В предыдущих сериях: британская писательница Оливия Лэнг создает уникальный жанр — сплав автофикшена (или, как она сама называет его в интервью, биофикшена) с эссеистикой; Оливия Лэнг оттачивает владение им; Оливии Лэнг надоедает; Оливия Лэнг делает попытку — не слишком удачную — в роман (Crudo).
«Путешествие к Источнику Эха» сделано в том самом излюбленном ею жанре с триадой «переживание — исследование — контекст». Приятно было бы сказать, что вот, мол, ура, автор вернулся к тому, что получается у него лучше всего. Но нет: «Эхо» написано почти десять лет назад, между «К реке» — травелогом о реке Уз, любви и Вирджинии Вулф — и знаменитым «Одиноким городом» — трудом о великих ньюйоркцах. Описанное в «Эхе» путешествие по Америке состоялось весной 2011 года, а книга увидела свет в 2013-м. Структура этой работы понятна уже из названия: «путешествие» — будут путевые заметки, «почему?» — будет ответ на очередной вопрос. Третья тема задана чуть раньше, там, где напечатано имя автора. Третья тема — это сама Оливия Лэнг.

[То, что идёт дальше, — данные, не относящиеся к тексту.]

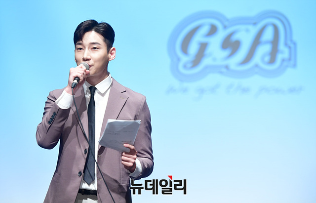 배우 오세현이 19일 오후 서울 강남구 SAC아트홀에서 열린 걸그룹 소녀주의보 3번째 싱글앨범 쇼케이스에서 멤버를 소개하고 있다.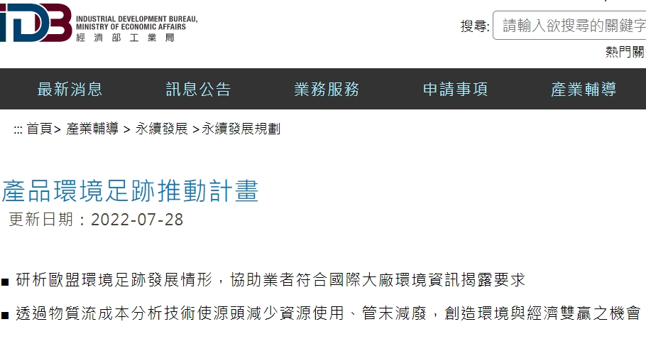●相關鏈接經濟部-政府對企業整合單一服務入口網_輔導補助資源_產品環境足跡推動計畫 (moea.gov.tw)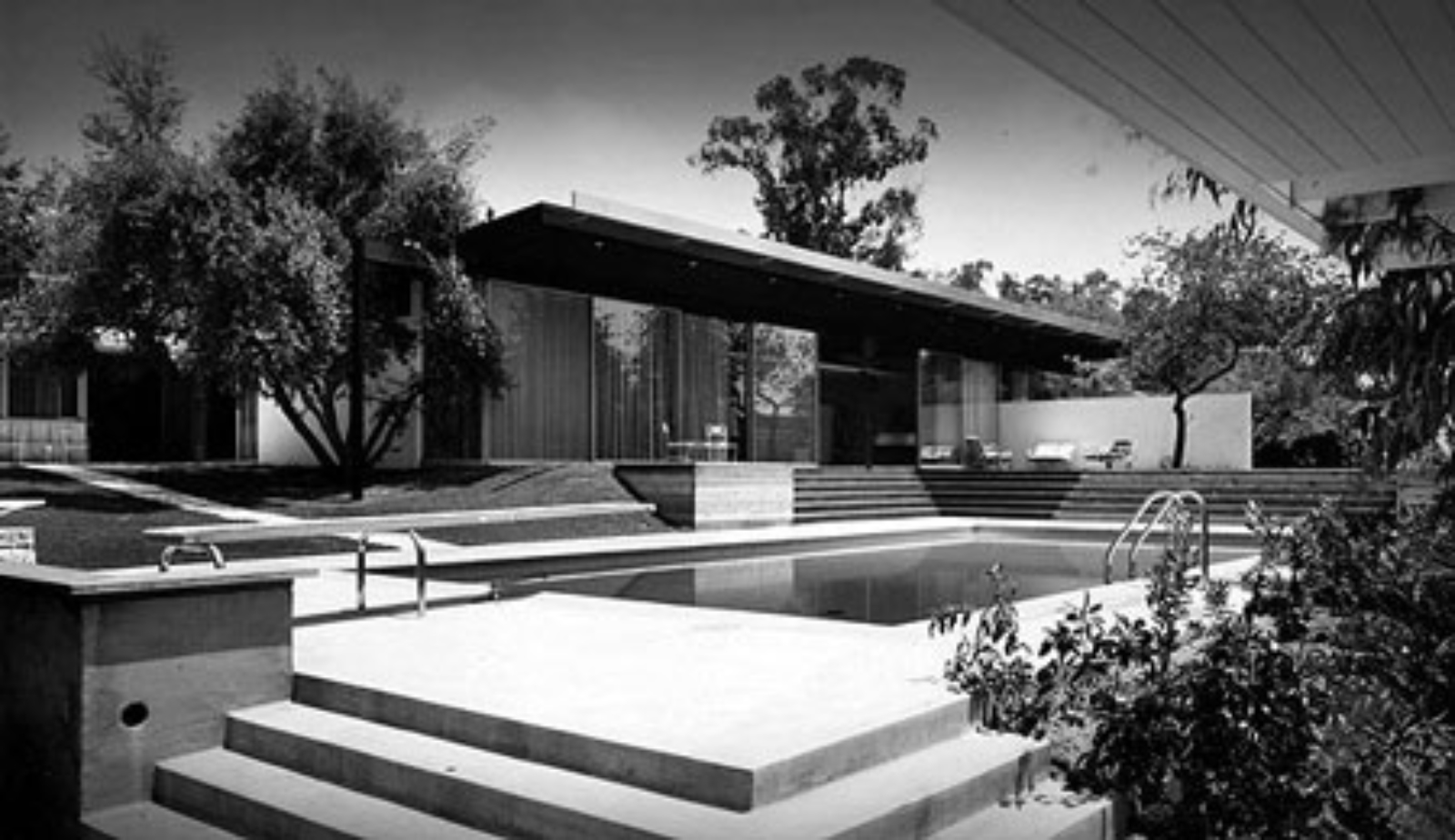 Designed in 1955, the Kronish Residence was one of the largest Neutra residential projects. Built for tract developer Herbert Kronish and his new English bride, the design included unusual requirements such as mirrors on the ceiling of Mrs. K’s dressing room. Rare Carrara Glass lines the walls of the master bath, and there are many other unique features.

Что касается причины моего интереса к этой теме, я должна признаться, что и мою семью затронули проблемы алкоголя. С восьми до одиннадцати лет я прожила в доме, где алкоголь правил бал, и это наложило отпечаток на мою дальнейшую жизнь. Читая в семнадцать лет «Кошку на раскаленной крыше» Теннесси Уильямса, я вдруг обнаружила, что тип поведения, в атмосфере которого я росла, не только назван и проанализирован, но и встречает активное сопротивление. С этого начался мой интерес к тому, как осмысляют писатели проблемы пьянства и его последствий. И если уж я надеялась понять поведение алкоголиков — а моя взрослая жизнь как раз тому подтверждение, — то помочь в этом могли бы как раз свидетельства, отысканные в книгах.

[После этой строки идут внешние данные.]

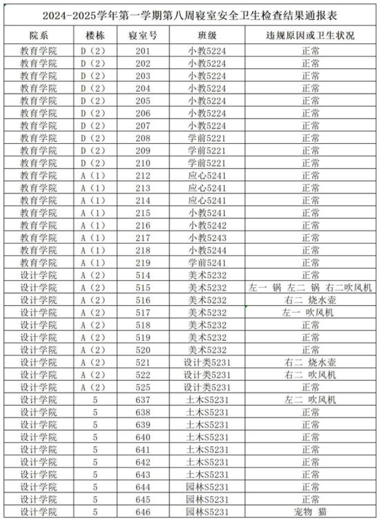 2024-2025学年第一学期第八周寝室安全卫生检查结果通报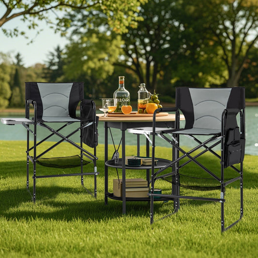 46 Inches Tall Directors Chair with Foldable Side Table and Footrest-Gray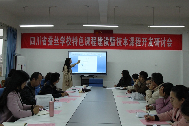3月13日下午,四川省蚕丝学校特色课程建设暨校本教材开发研讨会成功召开,研讨会由教务处主任黄英主持,中国纺织出版社指导老师、学校教务处及各专业部负责人、各专业教研组组长、学科带头人、校本教材建设项目组成员参加了研讨会。会议的成功召开,对推进我校专业特色发展,开发校企特色课程和理实一体化教材有着重要的指导意义。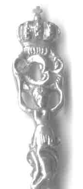 This is a neat 7.6" bon bon spoon from Holland. At the top we have a bare breasted mermaid holding aloft a kings crown (the mark near her left hand is one of two purity marks). In the hand cutout and engraved bowl we have a cat on the left and a bird on the right (enlarged--and the strange color shift is where I tried to lighten up the cat so you could see it better). 800 silver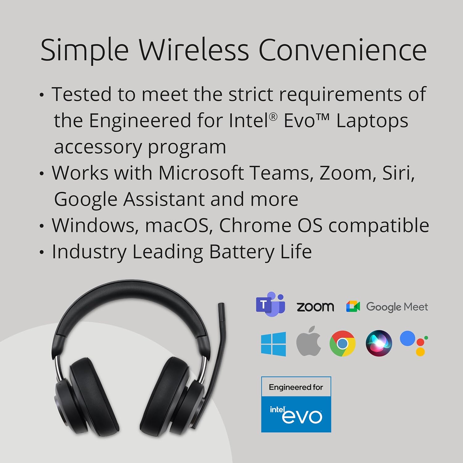 - Universal Device Compatibility - Works with popular calling applications (Microsoft Teams, Zoom, and more), operating systems (Windows, macOS, and Chrome OS), mobile devices (iOS and Android), and voice assistants (Siri and Google Assistant).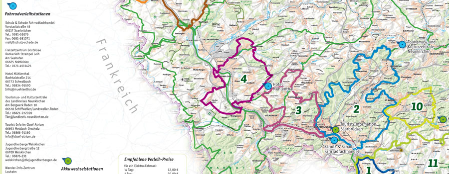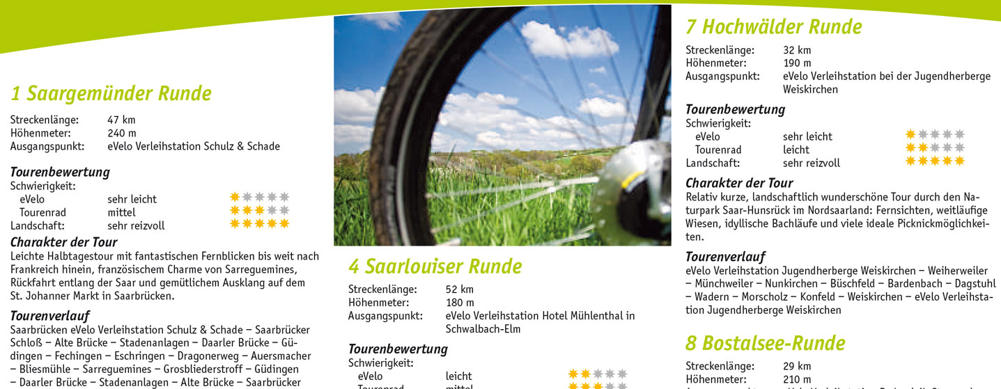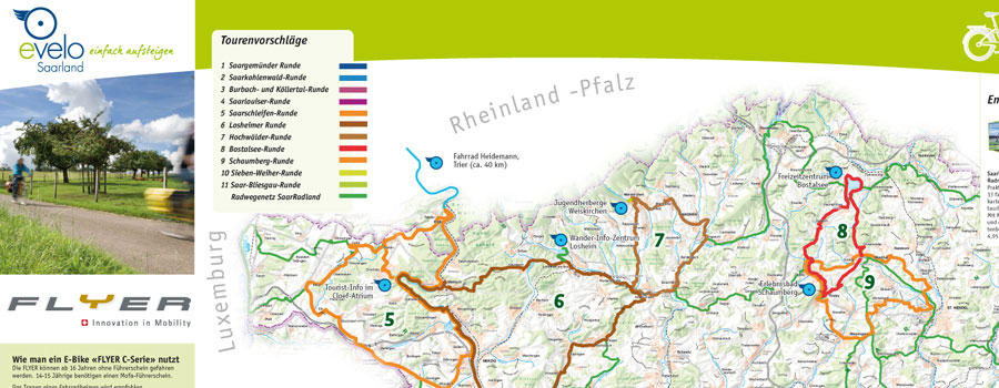 Zur Förderung der touristischen Nutzung von eBikes im Saarland wurde diese Faltkarte mit speziell angepaßten Tourenbeschreibungen entwickelt. Die abgebildeten Touren wurden unter Nutzung des bestehenden gut ausgebauten touristischen Radwegenetzes von eBike Verleihstationen aus geplant. Die Streckenführungen und -längen wurden so an die bestehenden Akkwechsel- und Ladestationen angepasst. Die Nutzer müssen so nicht befürchten, wegen erschöpfter Akkukapazitäten unterwegs ohne Motorunterstützung fahren zu müssen.

Переживания, опыт, личная мотивация к исследованию — хотя, забегая вперед, скажу, что на этот раз самой Лэнг (или лирической героини Лэнг) в тексте очень мало. Ее описания детских впечатлений, связанных с алкоголем, скупы и безэмоциональны и кажутся даже притянутыми за уши к плотной, насыщенной ткани разговора о писателях и поэтах. У нее — сожительница матери, которая однажды устроила пьяный дебош, из-за чего семье пришлось в срочном порядке сменить место жительства. Три года, один эпизод. У них — десятилетия исканий, депрессий, метаний, позора, преступления, разбитые семьи, болезни, больницы, невозможность убежать от самого себя, расщепление собственного «я», распад личности и даже — часто, у каждого второго — самоубийство как знак поражения в этой борьбе.
Они — это Фрэнсис Скотт Фицджеральд, Эрнест Хемингуэй, Теннесси Уильямс, Джон Чивер, Джон Берримен и Реймонд Карвер.

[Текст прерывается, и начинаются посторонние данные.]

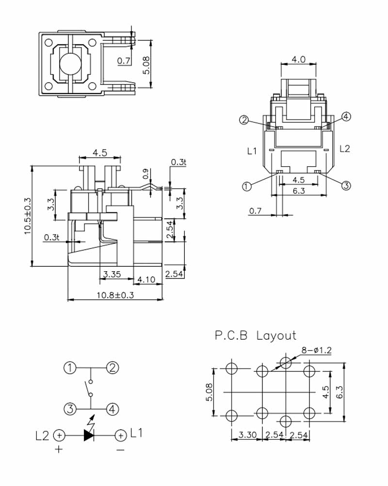 Operating Force:180±50gf or 250±50gl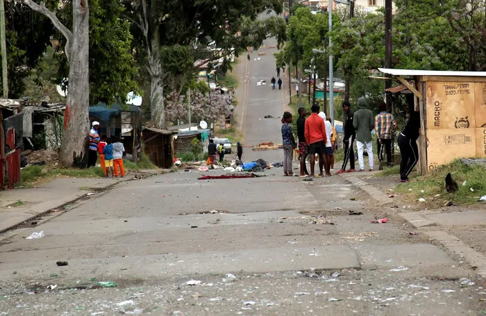KwaMashu Hostel residents barricaded the road with broken bottles and rubble, demanding that their councillor organise buses to Prince Mangosuthu Buthelezi's funeral in Ulundi. Picture: Tumi Pakkies/African News Agency (ANA)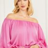 GUESS γυναίκες οικολογικό φόρεμα katerina off-the-shoulder καθαρό λευκό ενδύματα J46DJ454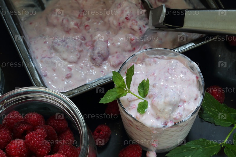 Мороженое с малиной на черном фоне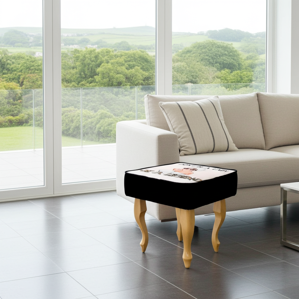 Empowering “Be a Legend” 60x40cm Footstool with Fashion Illustration and Curved Wooden Legs

Когда я погрузилась в эту массу материала, я поняла еще кое-что. Эти люди были между собой связаны и физически, и регулярно повторяющимися ситуациями. Друг для друга они были вдохновителями, друзьями или сообщниками, учителями или учениками. Реймонд Карвер и Джон Чивер в Айове отнюдь не единственный пример приятелей-выпивох, не уникальный случай рюмочной дружбы. В 1920-х завсегдатаи парижских кафе Хемингуэй и Фицджеральд пили на пару, а поэт Джон Берримен оказался первым подле только что умершего Дилана Томаса.
Иными словами, плавают они разными стилями, а тонут, как выясняет Лэнг, — одним. За основу она берет медицинские справочники, научные исследования о природе алкоголизма, письма, дневники, воспоминания, даже штудии Фрейда — почти десять страниц библиографии — и начинает компоновать материал, рассовывать его, словно багаж, по сумкам и кармашкам на всем маршруте своего путешествия.
По правде говоря, не так уж это самое путешествие и необходимо для книги. Но зато движение добавляет поэтичности и создает особый накал трагедии, потому как страдания героев — от Фицджеральда до Карвера — с какой-то особенной остротой высвечиваются на фоне голубого орлеанского неба, прозрачного ручья Морс-Крик, форелевых речек и заснеженных горных вершин. Разве можно променять этот мир — а Лэнг, Лэнг-внутритекстовая, едет строго по тем местам, где жили и умирали шестеро литераторов, — разве можно променять его красоту на бегство от него, на плаванье в стакане?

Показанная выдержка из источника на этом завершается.